### Exercise objective
Take the lines below from the one with "- Assume that, in" through the one with "期間限定「3種きのこのポルチーニクリーム」登場" and print only them, exactly. Don't print the pictures.

### Data supplied
- Opening Delimiter -
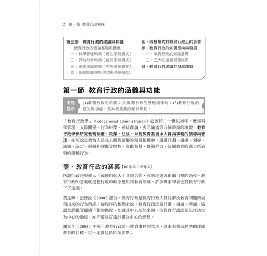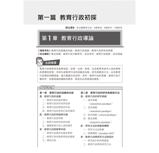 「教育行政學」,考試的難度有愈來愈深的趨勢,為了簡化你閱讀理解的時間,加深了解各章的架構,在每一章節前列出該章「出題頻率」、「重要考點」與「新近趨勢」,有綱舉目張之效。並輔以「名師導讀」、「學習架構」、「考點提示」,熟悉各章考題類型與方向,搭配「考題集錦」,答題通古貫今,熟能生巧。
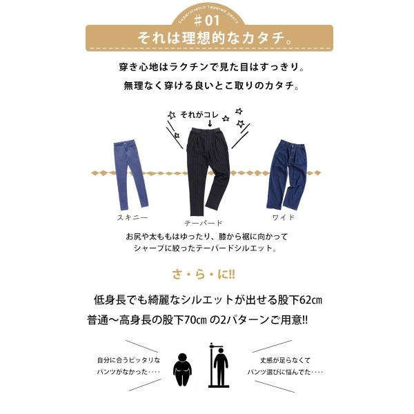 爆買 大きいサイズ レディース パンツ テーパード ストレッチ 低身長 S L LL 2L 3L 4L 10L 11L 黒 ネイビー 白 ストライプ ゴールドジャパン 【低身長さんサイ
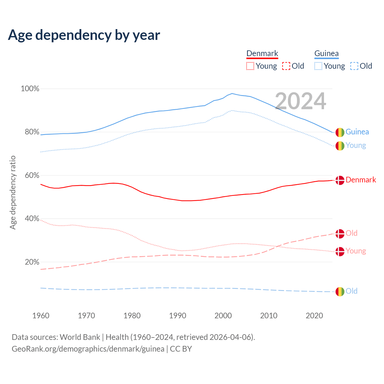 - Denmark is ranked 34/196 by median age (oldest to youngest) vs 176/196 for Guinea.
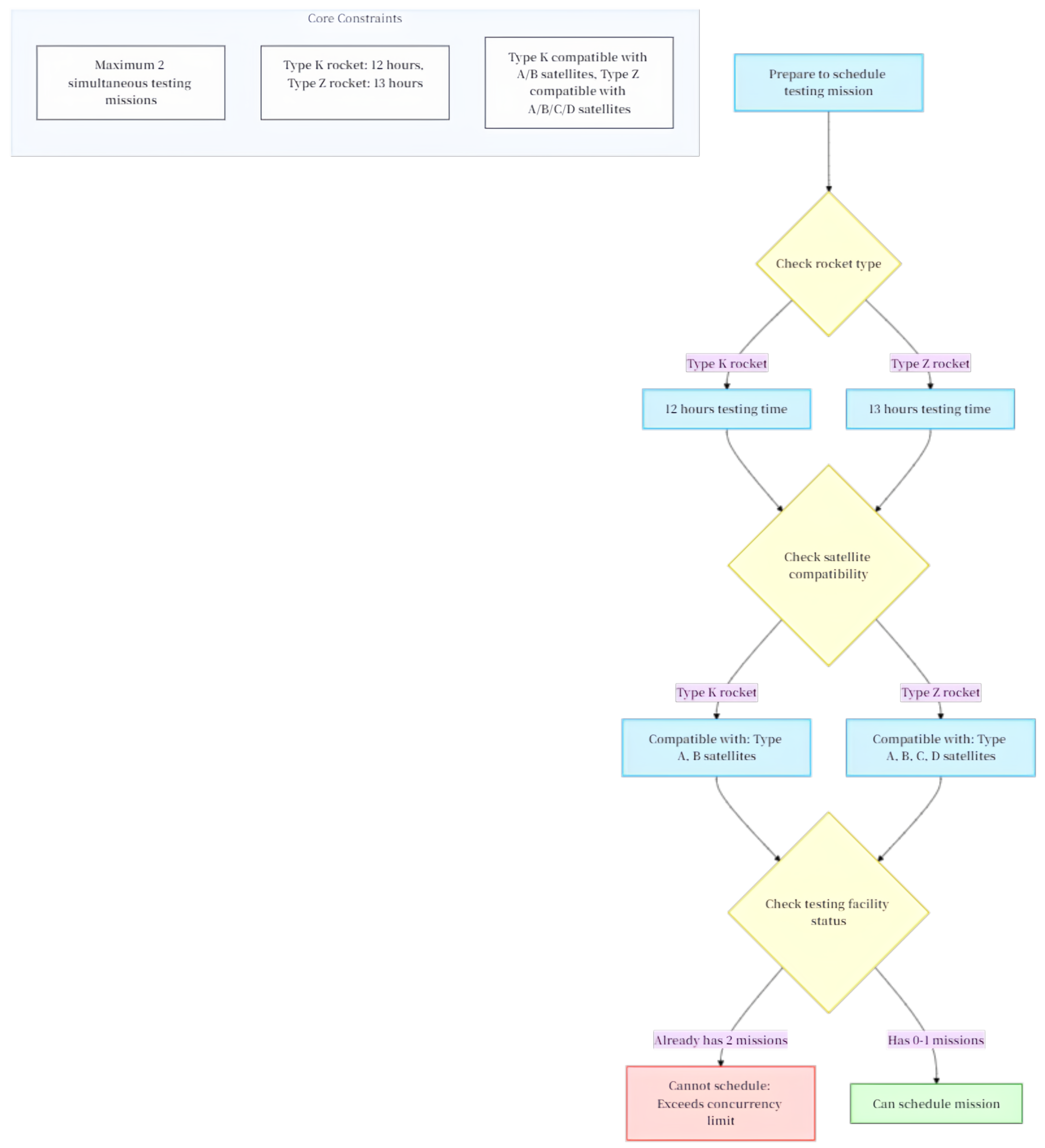- Assume that, in the absence of mission conflicts, the satellite, rocket, and launch vehicle can immediately undergo testing upon arrival at the satellite and rocket testing facility;
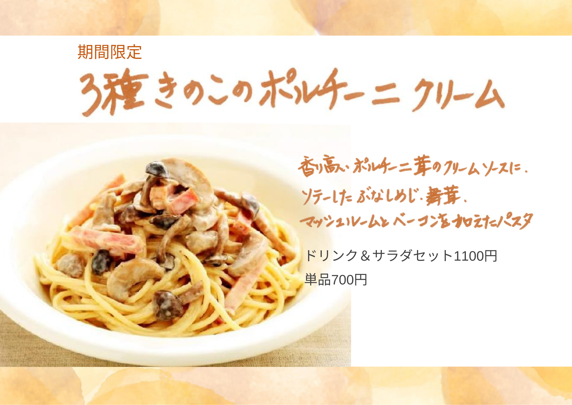 期間限定「3種きのこのポルチーニクリーム」登場
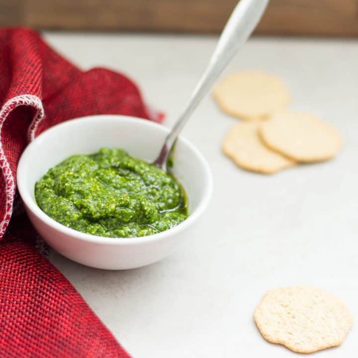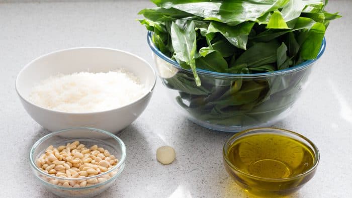 Wild garlic pesto is great as a salad dressing or as a dip for crusty bread and if you can’t find wild garlic then you can go with basil leaves instead for a more traditional pesto.
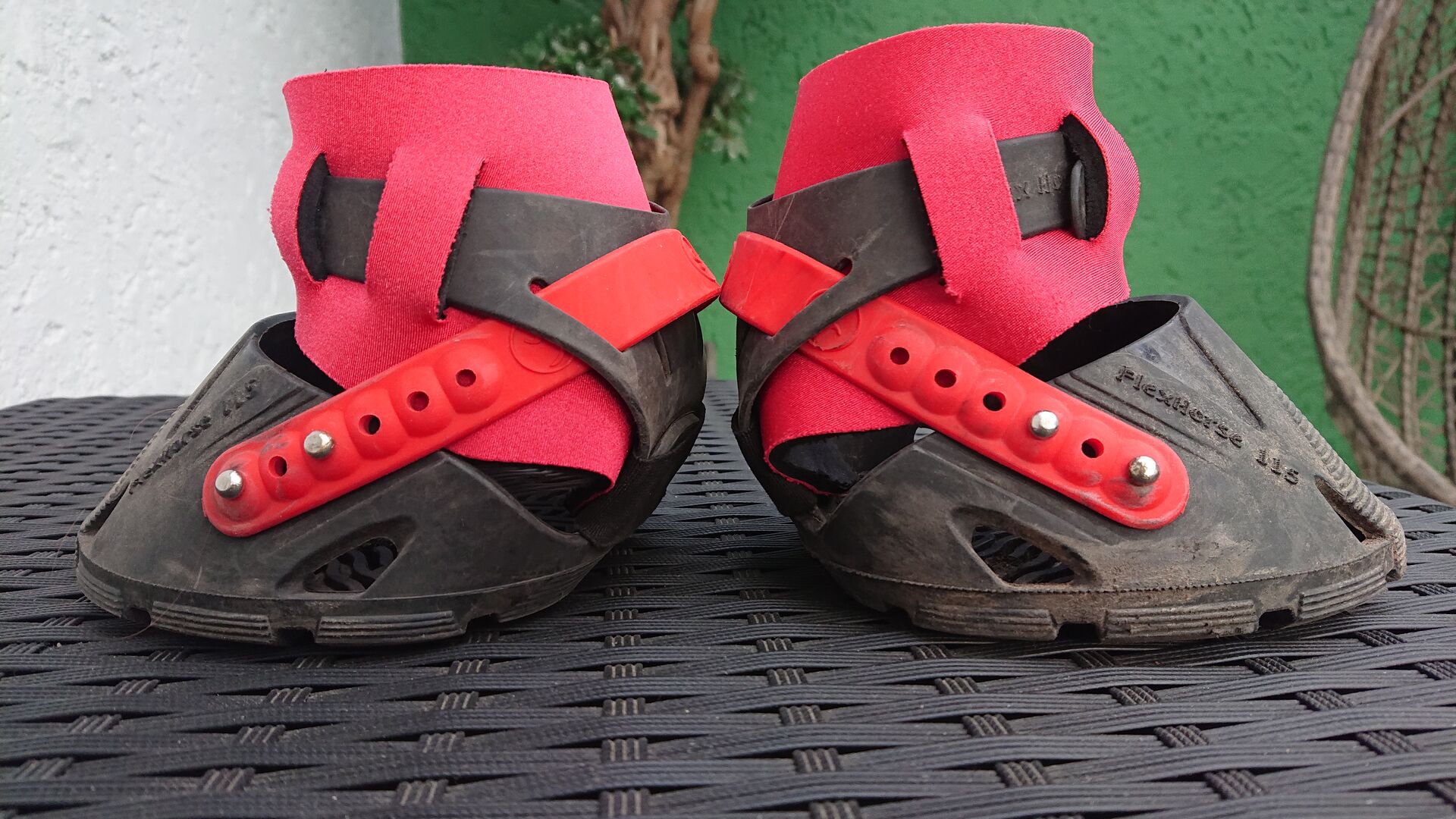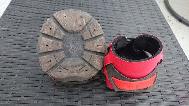 Flexhorse Flexboots hoof boots size 115 - Flexhorse Flexboots size 115, with red pad and red fetlock strap. Only little used, because unfortunately a bit too big and change to another model. Private sale. The sale takes place under exclusion of any liability for material defects.
- Closing Delimiter -
### Answer to the problem
- Assume that, in the absence of mission conflicts, the satellite, rocket, and launch vehicle can immediately undergo testing upon arrival at the satellite and rocket testing facility;
 期間限定「3種きのこのポルチーニクリーム」登場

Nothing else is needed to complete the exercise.